Task - Copy out the data word for word, without any of its pictures.

Information shown -
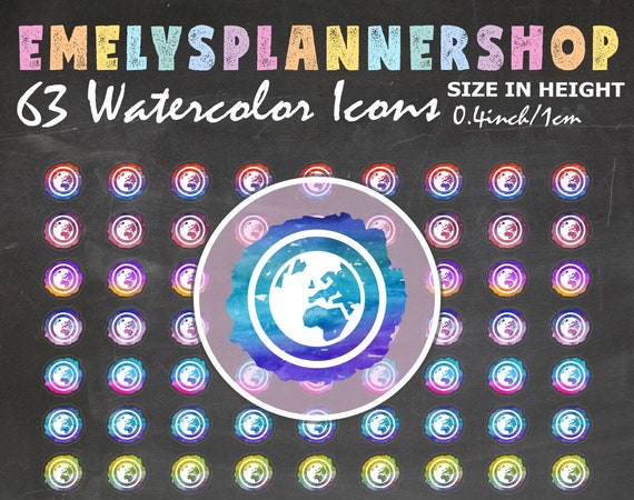 from Etsy Shop for EmelysPlannerShop https://www.etsy.com/listing/711533442/63-watercolor-icons-planet-earth-sticker?ref=rss
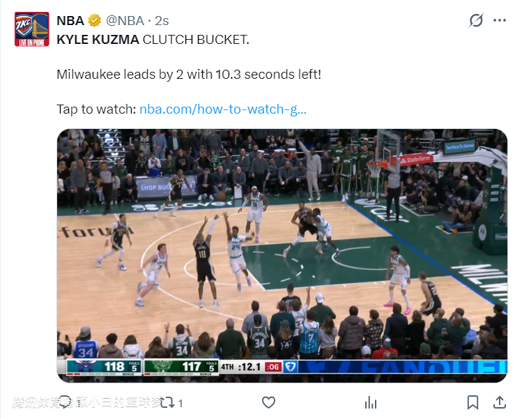 库兹马命中这个120-108的三分球后雄鹿全队开始庆祝,球迷们都站起来庆祝。可很快就笑不出来,因为布里奇斯面对库兹马完成了空接2+1,黄蜂121-120再度反超黄蜂。
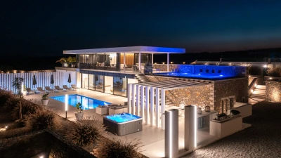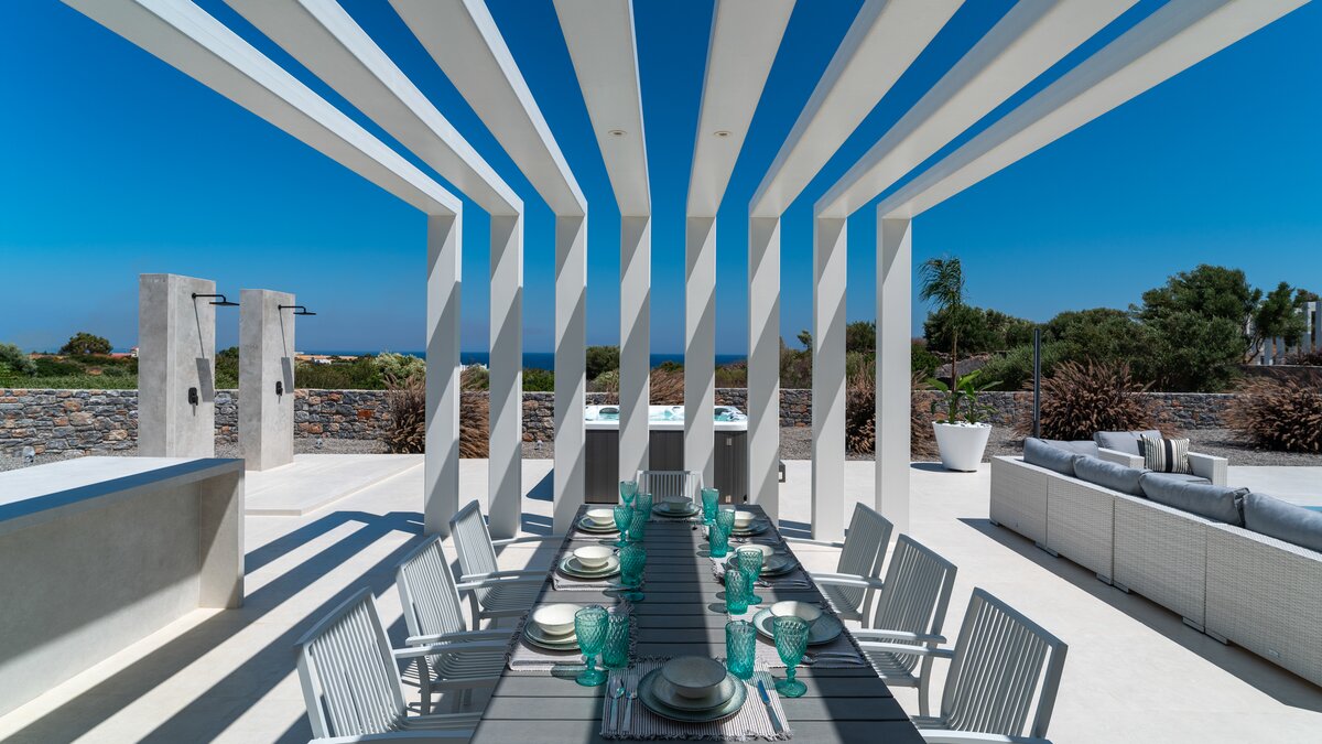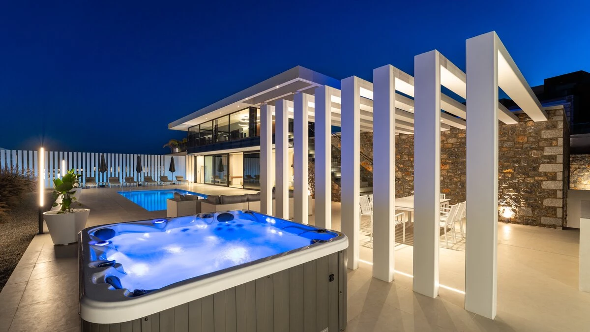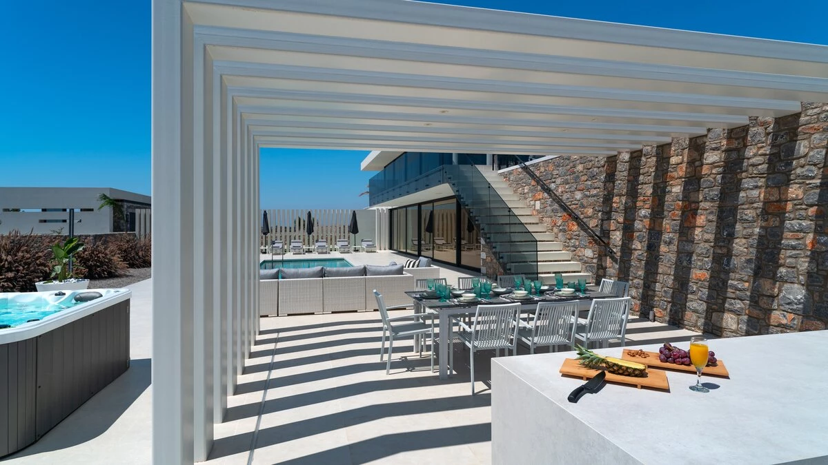 This villa features two terraces, one on either side. On one side, guests can relax at the pool area, with a heated Jacuzzi and dining area with a double-island barbecue space. On the other side is a large sitting area with an external fireplace. A separate, full-size kitchen is situated on the basement floor, with and individual shower and bathroom, ideal for party preparations and external catering services.

Exercise result -
 from Etsy Shop for EmelysPlannerShop https://www.etsy.com/listing/711533442/63-watercolor-icons-planet-earth-sticker?ref=rss
 库兹马命中这个120-108的三分球后雄鹿全队开始庆祝,球迷们都站起来庆祝。可很快就笑不出来,因为布里奇斯面对库兹马完成了空接2+1,黄蜂121-120再度反超黄蜂。
 This villa features two terraces, one on either side. On one side, guests can relax at the pool area, with a heated Jacuzzi and dining area with a double-island barbecue space. On the other side is a large sitting area with an external fireplace. A separate, full-size kitchen is situated on the basement floor, with and individual shower and bathroom, ideal for party preparations and external catering services.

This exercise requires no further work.